Deep-dive dashboard	`docs/grafana/orbitalreg-deep-dive.json`	18-panel per-route / per-op / per-peer breakdown
Alert + recording rules	`docs/prometheus/orbitalreg.alerts.yaml`	Ten on-call alerts plus seven pre-aggregated recording rules
Dashboard CI guard	`make grafana-dashboard-test`	Refuses any panel that references an undeclared metric
Alert-rule CI guard	`make prometheus-alerts-test`	Refuses any alert that references an undeclared metric

The CI guards mean that renaming a metric in the registry is a compile-time-style error: the dashboard or rule file fails its test the same commit that drops the underlying series, so a stale asset never reaches a customer install.

Scrape configuration

Point Prometheus at the API process. The endpoint is served on the same listener as the rest of the API (no separate port-bind today) and it does not require authentication so it can be scraped with the customer's existing service-discovery rules.

yaml

# prometheus.yml — minimal scrape job
scrape_configs:
  - job_name: orbitalreg-api
    metrics_path: /metrics
    scrape_interval: 30s
    scrape_timeout: 10s
    static_configs:
      - targets:
          - orbitalreg-api.orbitalreg.svc.cluster.local:8080

Kubernetes deployments using the kube-prometheus-stack get a ServiceMonitor selector for free — match on the app.kubernetes.io/name=orbitalreg-api label that the chart already sets.
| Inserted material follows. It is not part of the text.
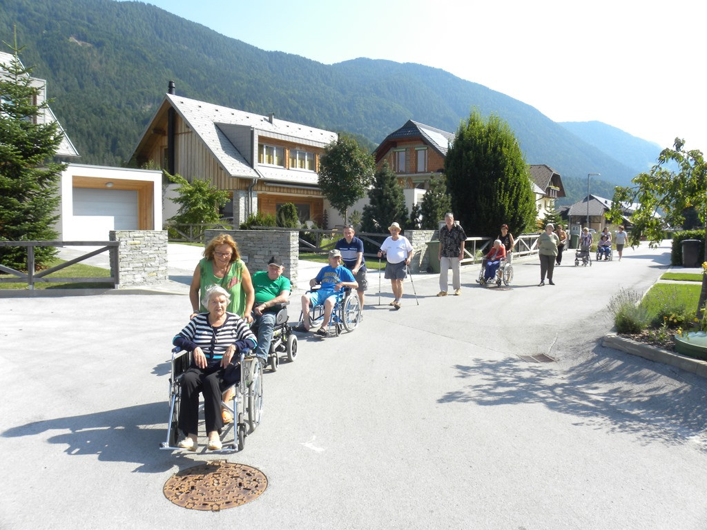 Ker našo vas počasi zapušča poletje, smo se odločili, da se s stanovalci in prostovoljci odpravimo do bližnje slaščičarne, ki se nahaja v centru Kranjske Gore. Pisana družba je bila precej zgovorna in dobre volje. Sprememba okolja in telesna aktivnost sta nas poživili. Število stanovalcev, ki se je sprehoda udeležilo, je pokazatelj, da se v našem Domu dobro zavedamo, da je telesna aktivnost zelo pomembna za ohranitev zdravja in psihofizičnih sposobnosti.

A 30-second scrape interval is the recommended floor: histogram buckets need ≥4 scrapes inside a 5-minute window for the histogram_quantile() math in the bundled dashboards to be stable.

Metric reference

Every series below is declared in api/internal/metrics/. Cardinality-sensitive labels are noted; everything else is bounded by a finite enum at the call site.

HTTP layer (RED)

Metric	Type	Labels	Cardinality
`http_requests_total`	counter	`method`, `route`, `status`	bounded — `route` is the chi `RoutePattern` (e.g. `/api/v1/repos/{id}`), not the raw URL
`http_request_duration_seconds`	histogram	`method`, `route`, `status`	same as above; default Prometheus buckets
`http_requests_inflight`	gauge	—	single series

The chi middleware in api/internal/middleware/metrics.go wraps every inbound request, so adding a new handler picks up RED coverage automatically.

Database (USE)

Metric	Type	Labels	Notes
`pg_pool_acquired_connections`	gauge	—	Sampled every 10s by `metrics.RunPgPoolPoller`
`pg_pool_idle_connections`	gauge	—	Sampled every 10s
`pg_pool_max_connections`	gauge	—	Pool max from `pgxpool.Stat()`
`pg_pool_total_connections`	gauge	—	acquired + idle + constructing

The recorded ratio pg_pool:saturation:ratio = pg_pool_acquired_connections / pg_pool_max_connections is what the OrbitalRegPgPoolNearExhausted alert fires on.

S3 / MinIO

Metric	Type	Labels	Notes
`s3_requests_total`	counter	`op`	`op` ∈ `put`/`get`/`stat`/`delete`/`copy`/`presign`/`list`/`put_by_key`
`s3_request_duration_seconds`	histogram	`op`	latency buckets tuned for object-store calls (5ms → 30s)
`s3_request_errors_total`	counter	`op`, `err_class`	`err_class` ∈ `notfound`/`auth`/`server`/`client`/`timeout`/`canceled`/`network`/`other`

Folded into startS3Span in internal/storage/s3.go so every minio call records latency + outcome without per-callsite plumbing.

Scan dispatcher

Metric	Type	Labels	Notes
`scan_queue_depth`	gauge	`state`	`state` ∈ `pending`/`claimed`/`running`/`done`/`failed`/`skipped` — sampled every 15s
`scan_jobs_processed_total`	counter	`outcome`	`outcome` ∈ `done`/`failed`/`skipped`
`scan_job_duration_seconds`	histogram	`scanner`	per-scanner wall-clock; bucket range 10ms → 5min

Retention sweeper

Metric	Type	Labels	Notes
`retention_sweep_duration_seconds`	histogram	—	one full sweep cycle, regardless of policy mix
`retention_artifacts_deleted_total`	counter	`repo_id`, `dry_run`	repo-keyed for SRE pivots; complements the operator-named `retention_runs_total{policy_name,outcome}` series

Geo-Sync replication

Metric	Type	Labels	Notes
`replication_lag_seconds`	gauge	`peer`	seconds since last successful push; zeroed on success
`replication_outbox_depth`	gauge	`peer`	`geosync_outbox` rows ahead of the peer's cursor
`replication_push_errors_total`	counter	`peer`, `err_class`	`err_class` is bucketed via `ClassifyReplicationErr` (outbox_read / marshal / request / throttle / deliver / peer_5xx / peer_4xx / other)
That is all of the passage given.